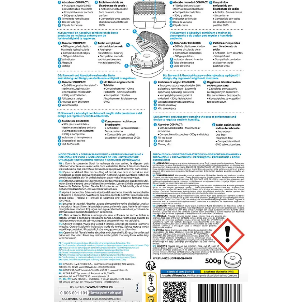 L’absorbeur d’humidité Starwax Absodry est à la fois efficace et discret : son design moderne s’intègre parfaitement dans votre décor, notamment dans les pièces de vie (salon, chambre…), Il est fourni et rechargeable avec 1 galet hyper absorbant à base de chlorure de calcium enrichi au bicarbonate de soude, Le bicarbonate de soude est connu pour son efficacité anti-odeurs, Cette tablette percée capte l’humidité de l’air et la relargue sous forme d’un liquide appelé « saumure » dans le bac inférieur, Elle permet de limiter et de prévenir les conséquence d’un excès d’humidité (moisissures, papier décollé, peinture cloquée, odeurs, froid, effets sur la santé.) L’absorbeur d’humidité Starwax Absodry duo family est pratique grâce à son témoin de remplissage et son bec de vidange, Il est en plastique 96% recyclé et disponible en 2 coloris, 1 Absorbeur permet de traiter env. 15m² jusqu’à 3 mois
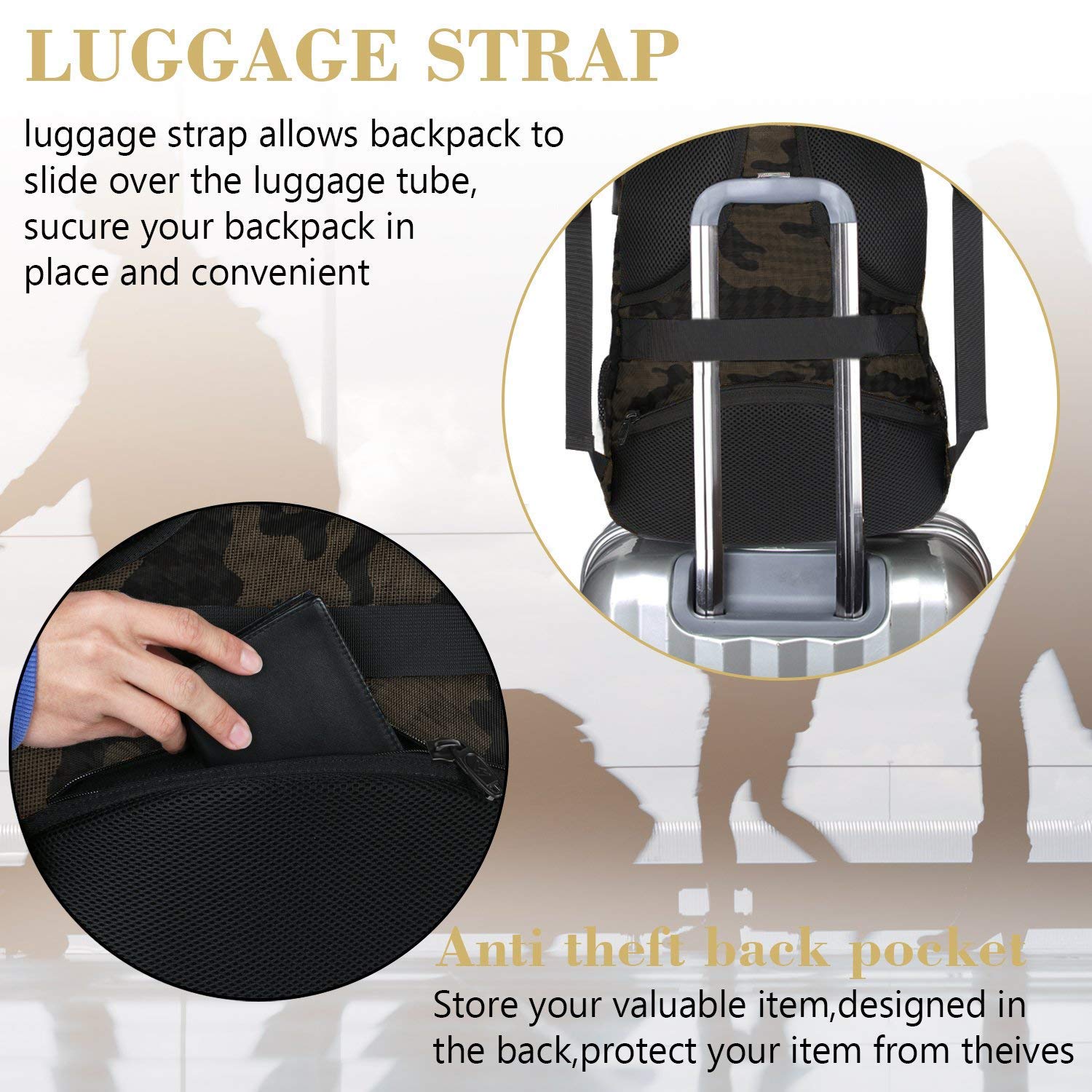 FUNCTIONAL & SAFE: A luggage strap allows backpack fit on luggage/suitcase, slide over the luggage upright handle tube for easier carrying. With a hidden anti theft pocket on the back protect your valuable items from thieves. Well made for international airplane travel and day trip
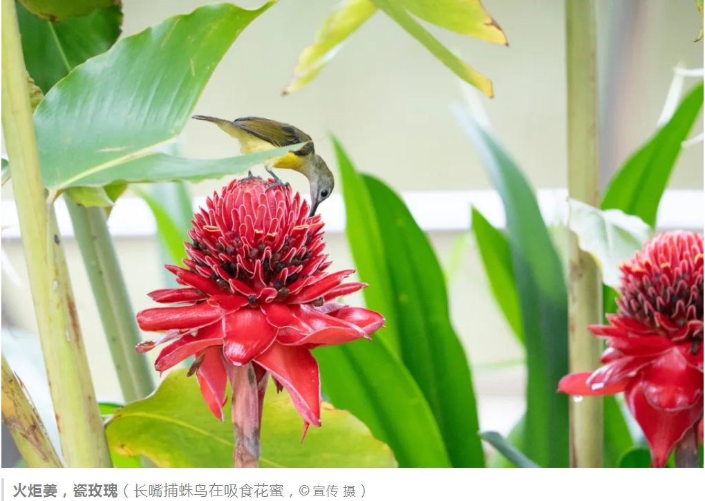 在西双版纳植物园里,能看到长嘴捕蛛鸟来给火炬姜传粉,鸟儿停在粗壮的花序中间,把嘴插进开放的花朵里,头下侧就会沾上花粉,然后传到柱头上。

## Task brief
Copy word for word every line from the one holding "FUNCTIONAL & SAFE: A" to the end of the listing, both ends included, but do not copy any pictures.

## Exercise answer
 FUNCTIONAL & SAFE: A luggage strap allows backpack fit on luggage/suitcase, slide over the luggage upright handle tube for easier carrying. With a hidden anti theft pocket on the back protect your valuable items from thieves. Well made for international airplane travel and day trip
 在西双版纳植物园里,能看到长嘴捕蛛鸟来给火炬姜传粉,鸟儿停在粗壮的花序中间,把嘴插进开放的花朵里,头下侧就会沾上花粉,然后传到柱头上。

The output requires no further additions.